What is the Real Promise of Artificial Intelligence?
published by Rich Wawrzyniak on Mon, 2021-05-03 22:37 What is the Real Promise of Artificial Intelligence?
And Where Does BrainChip Fit into the Picture?
Past and Present Technological Innovations
Unquestionably, the introduction of augmented Artificial Intelligence (AI) into our economy and society is going to have profound effects on how we engage with the world around us and how we expect the world to engage with us. Many parallels can be drawn between today’s AI innovations and similar past periods in history. In each of these cases, the world experienced great leaps in innovation and invention, which correspondingly produced great improvements in our daily lives.
Perhaps one of the most notable technological introductions was that of the mainframe computer for business and science applications back in the early 1950’s by IBM. This innovation led to the deployment of computing power to many companies throughout the world and allowed even small companies, through time-sharing arrangements, to have access to this capability. The 1950s and 1960s were decades where great leaps in productivity were made, enabled by this and other advancements.

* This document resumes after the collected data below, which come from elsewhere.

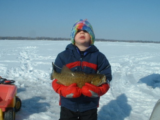 Headed back to the same spot for the fourth weekend in a row - I may have gone to the well one time to often. This week: 2 marks, 2 hits, 1 - 13" fish on the ice. Sounds like the eyes and the perch are pickin' up so I'll probably turn my attention back in that direction.
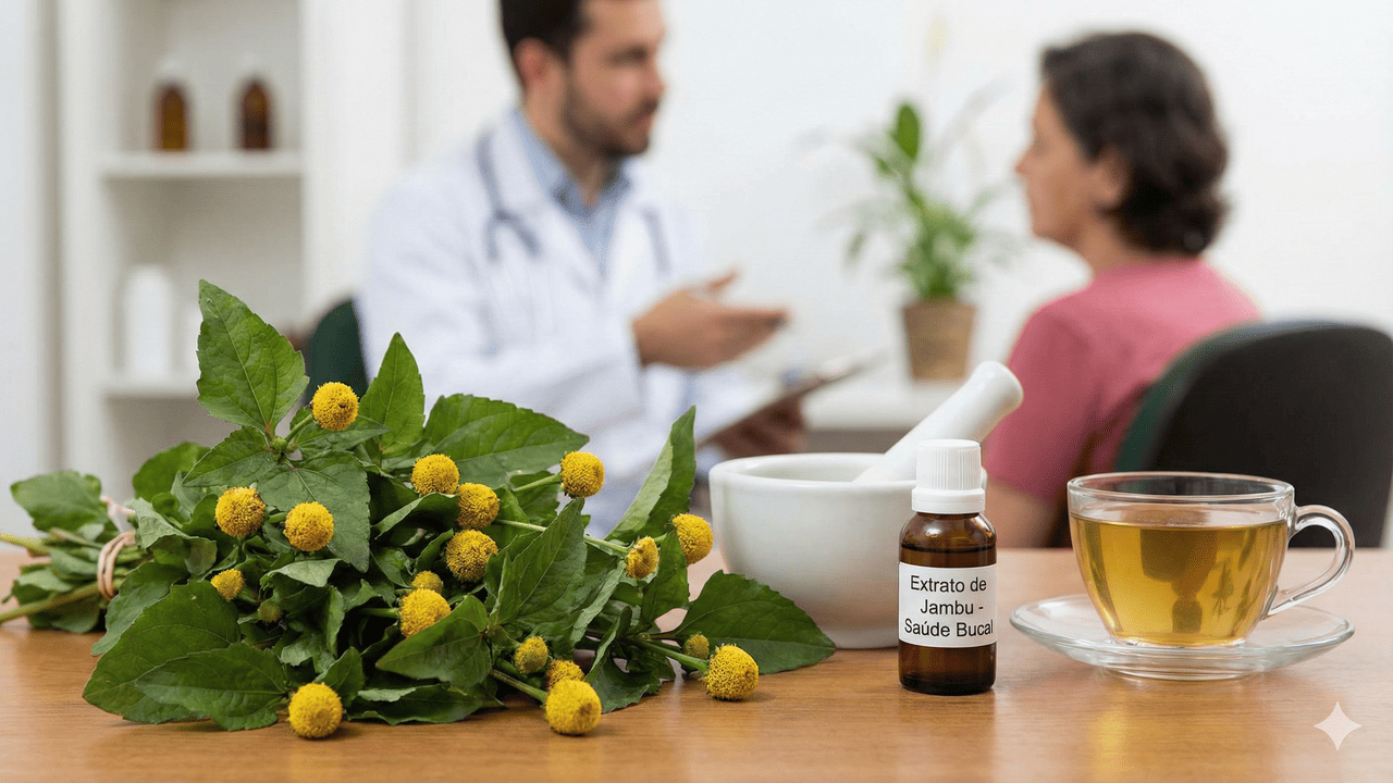 Modo de uso prático: Para dor de dente ou pequenas inflamações bucais, mastigue levemente uma folha fresca de jambu ou aplique extrato da planta (tintura) na área afetada. O efeito de dormência geralmente ocorre em poucos segundos.
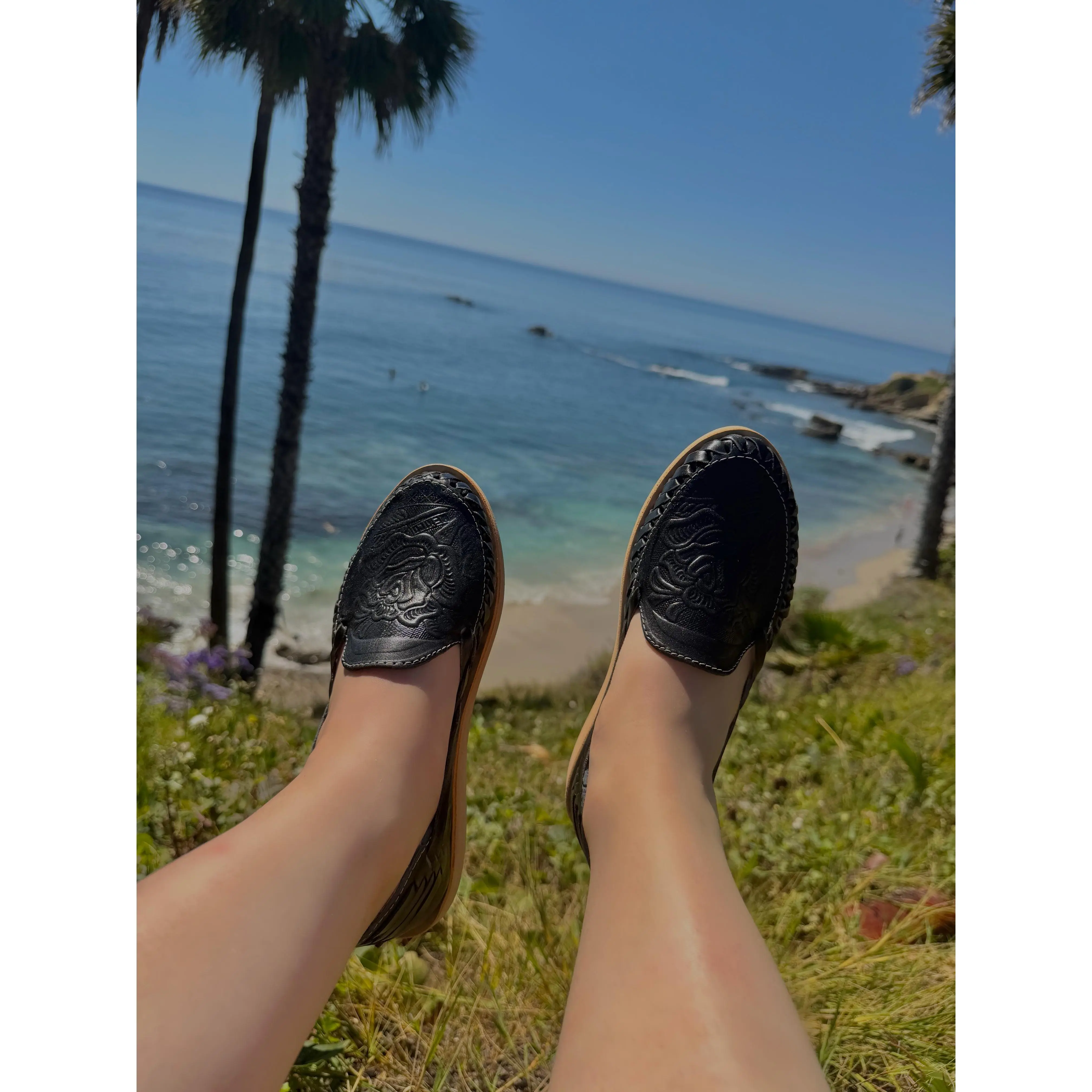 Classic, versatile, and deeply authentic. Our Divina Herencia Co "Patria" flats are handcrafted from premium black leather and feature a stunning hand-pressed rose design. Proudly displaying the "Mexico" name within the artisanal embossing, these closed-toe huaraches are a beautiful tribute to traditional craftsmanship and national pride.

As semiconductor technology continued to advance, it became possible to fractionalize the computing power of the mainframe and allow this compute power to be distributed into new markets and environments. The personal computer was created and its evolution started a solid wave of growth in the world by enabling a whole new range of applications and markets.
Each time a higher performing solution entered the market, it generated ever-higher unit volumes and revenues for both the computer market and the semiconductor market. This could take the form of either smaller footprints, lower cost structures, lower power budgets, higher performance or all four in one package. This resulted in continually increased demand for such systems, as well as new silicon solutions and drove the creation of ‘Hyper-Volume’ applications where the unit shipments started to become measured in billions of units.
There are several comparisons that can be made between the evolution of the PC market and the ongoing development of the AI market. The key difference here is that an extensive ecosystem already exists, compared to the buildout needed at the beginning of the PC era, which will now speed the deployment of AI functions into the market. The current ecosystem will be extended and enhanced further as the new technologies enter and new solutions are created. In addition, robust applications already exist in massive volumes today, with multiple vendors and silicon solutions available for each one. What many of the AI developers are doing today is adding the right level and type of AI functionality to the already existing silicon solutions.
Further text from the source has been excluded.